I have several remote windows 7 domain users that receive this message on logon:
The system detected a possible attempt to compromise security. Please ensure that you can contact the server that authenticated you." and it asks for username / password.

A little bit of setup:
150-ish in house users 50-ish remote users
User accounts have redirected docs / desk / etc... with offline file sync enabled.
Users have a windows based VPN that they can connect to to synchronize data and access server resources. The VPN can not be used constantly because of bandwidth limitations. VPN is set in split tunneling mode because of a dramatic performance loss caused by the bandwidth limitations.

What I understand is happening is that when the user logs on and the system tries to access the redirected documents / desktops / etc... and it is trying to authenticate the share with the server using Kerberos yet the local DNS cant find the server, because they are not on site, Kerberos fails and causes windows to display this message in an attempt to force the user to authenticate.
What I don't understand is why, since the domain controller is not present, does it not just authenticate to the cached credentials like it should? And second, why does it take entering the username / password 2-10 times before the it actually accepts them?
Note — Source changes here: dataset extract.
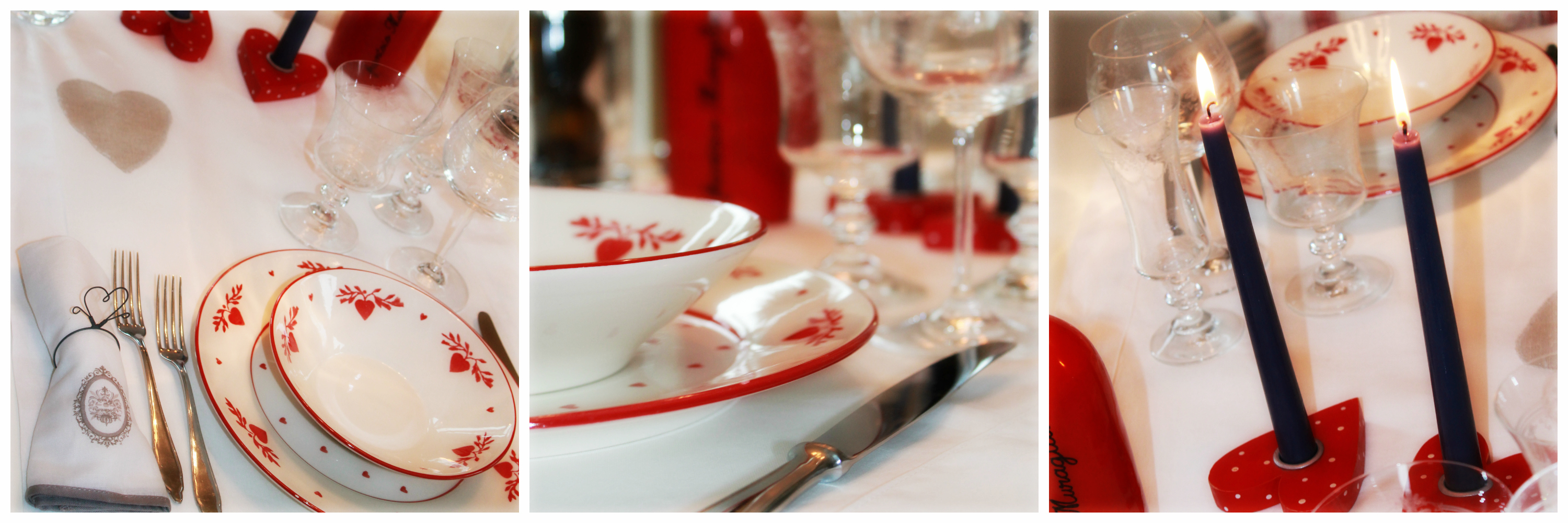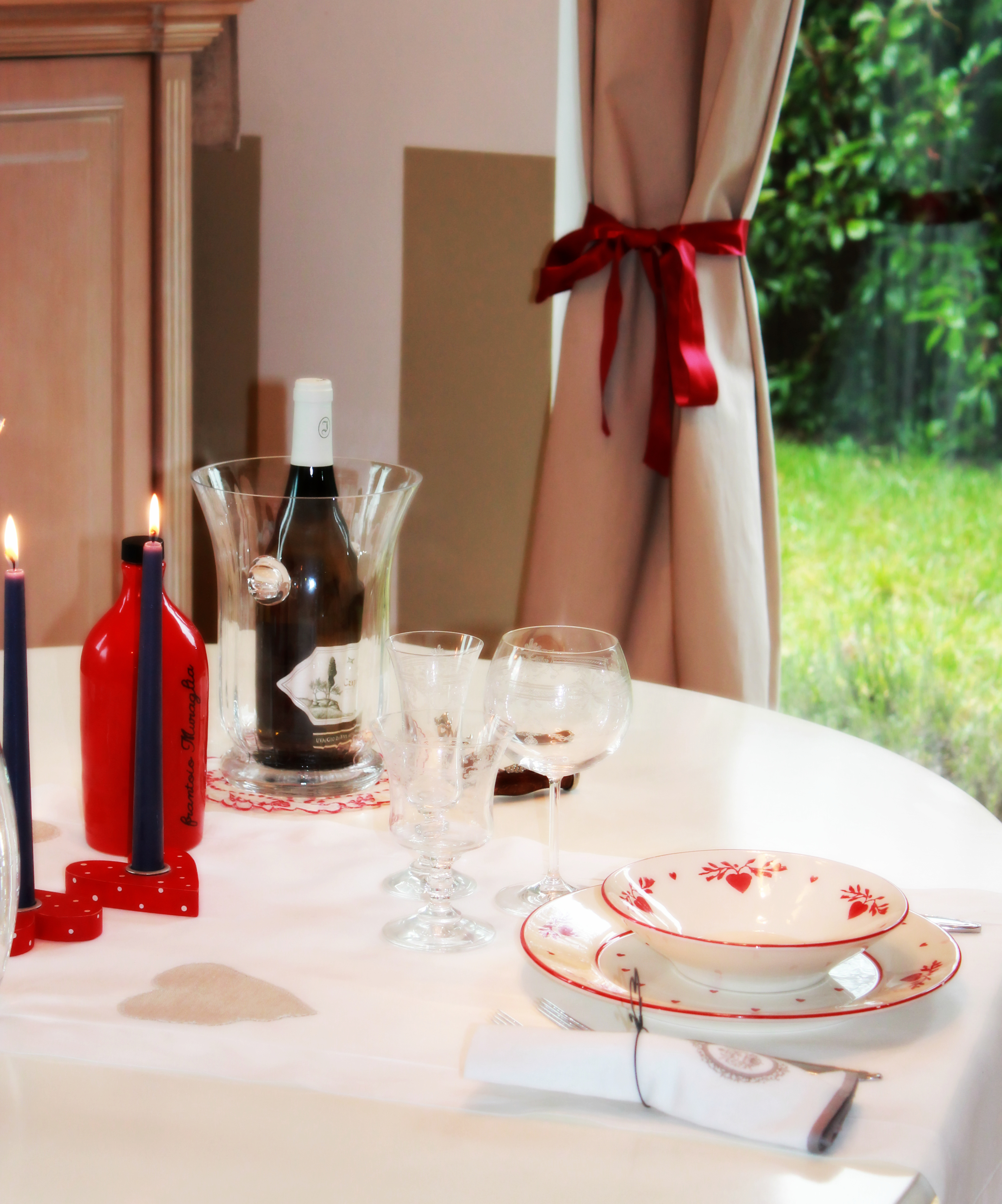 La mia table avrà sicuramente un tocco di rosso, il colore dell’amore e poi cuori in quantità, nei piatti di Côté Table, nel runner “Madame Eleonora”, nei ferma tovaglioli – collezione vintage – e ancora nei porta candela di Sia Home.

Shouldn't it either take them immediately as authenticating against the cached credentials or never accepting them at all because it cant find the DC?

So I need a solution that will not hamper performance, but will stop this bloody message from plaguing me.

Note: Option I have not tried because of the bandwidth issue is setting the remote users VPN connections back to full tunnel and having the VPN connect on logon. Theoretically that would solve the problem but it would put such a drain on the limited bandwidth at the home site and for all of the remote users.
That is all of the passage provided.